Room: C0213 A rigorous treatment of energy deposition in a Monte Carlo transport calculation, including coupled transport of all secondary and tertiary radiations, increases the computational cost of a simulation dramatically, making fully coupled heating impractical for many large calculations, such as 3-D analysis of nuclear reactor cores. However, in some cases, the added benefit from a full-fidelity energy-deposition treatment is negligible, especially considering the increased simulation run time. In this presentation we discuss a generalized framework for the in-line calculation of energy deposition during Monte Carlo transport simulations. This framework gives users the ability to select among several energy-deposition approximations with varying levels of fidelity. The presentation describes the computational framework, along with derivations of four distinct energy-deposition treatments. Each treatment uses a unique set of self-consistent approximations, which ensure that energy balance is preserved over the entire problem. By providing several energy-deposition treatments, each with different approximations for neglecting the energy transport of certain secondary radiations, the proposed framework provides users the flexibility to choose between accuracy and computational efficiency. Challenges associated with ensuring energy balance in certain situations (e.g., quasistatic simulations, time-dependent simulations, and/or simulations involving coupled transport of multiple radiation types) are discussed and several unresolved issues related to energy balance are highlighted.

Using FUDGE and GIDI+ API to calculate energy deposition and other energy quantities

• Bret Beck (LLNL)

Room: C0213 TBW

Neutron heating of metastables with NJOY

• Tim Gaines (AWE)

Room: C0213 Metastable nuclides with complete secondary distributions are increasingly more available in major evaluations, allowing for the calculation of their KERMA values. When processing these metastable nuclides using NJOY’s heatr module, negative total energy release values are being calculated for certain nuclides. On investigation, the method by which NJOY calculates the heating for inelastic reactions is incorrectly handling the Q-values for metastable materials resulting in significant negative values equivalent to the metastable energy level which may be greater than the contribution from all other reactions. The cause for these values have been identified and further questions have been raised for the processing of metastable nuclides.

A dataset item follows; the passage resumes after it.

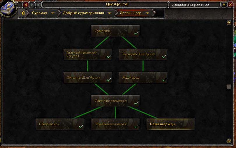 Здравствуйте! Как обстоят дела с цепочкой "Древний дар"? Чтобы проверить, прикладываю аддон |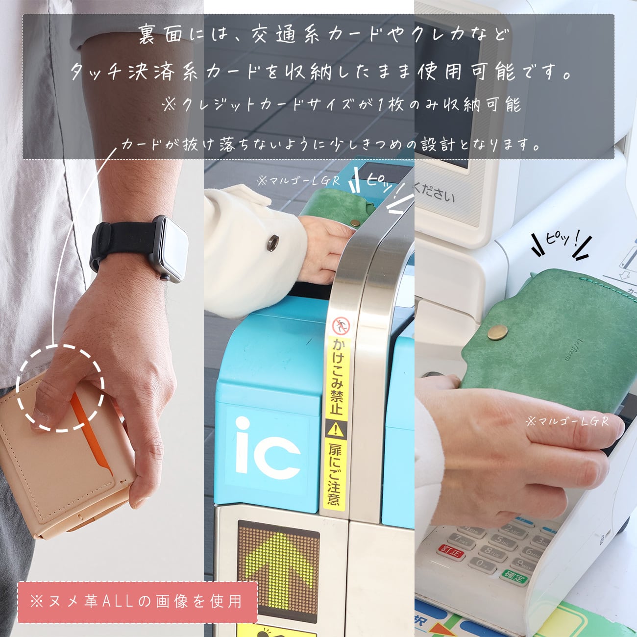 裏面はタッチ決済できるようにカード収納付き。

Decay-heat validation of simulations with 14 MeV neutrons for fusion

• Mark Gilbert (CCFE)

Room: C0213 Nuclear inventory simulations have a vital role to play in the planning and execution of future fusion experiments and power plants. They are able to predict the transmutation (burn-up) of materials and also quantify their radiological response, including decay heat, by tracing the production (and decay) rates of radioactive nuclides. This information can be used to plan maintenance schedules at nuclear facilities, satisfy nuclear regulators during reactor planning, and quantify the waste disposal needs during reactor decommissioning. The validity of inventory simulations must be verified to give confidence in the predictions. Here we describe an important experimental benchmark of decay heat measurements that test the quality of nuclear code predictions with the FISPACT-II inventory code and nuclear data libraries. The fusion (14 MeV) decay-heat measurements performed at the Japanese FNS facility, combined with detailed assessment techniques, focussed on the complex breakdown of decay-heat contributions from individual radionuclides, have been employed to compare and test results from different international nuclear data libraries. On-load nuclear heating is also important during fusion reactor operations and is an indirect measure of the damage energy experienced by materials. We highlight the difference between fusion and fission conditions in this respect, we raises questions about the usefulness of fission irradiations to test fusion materials responses.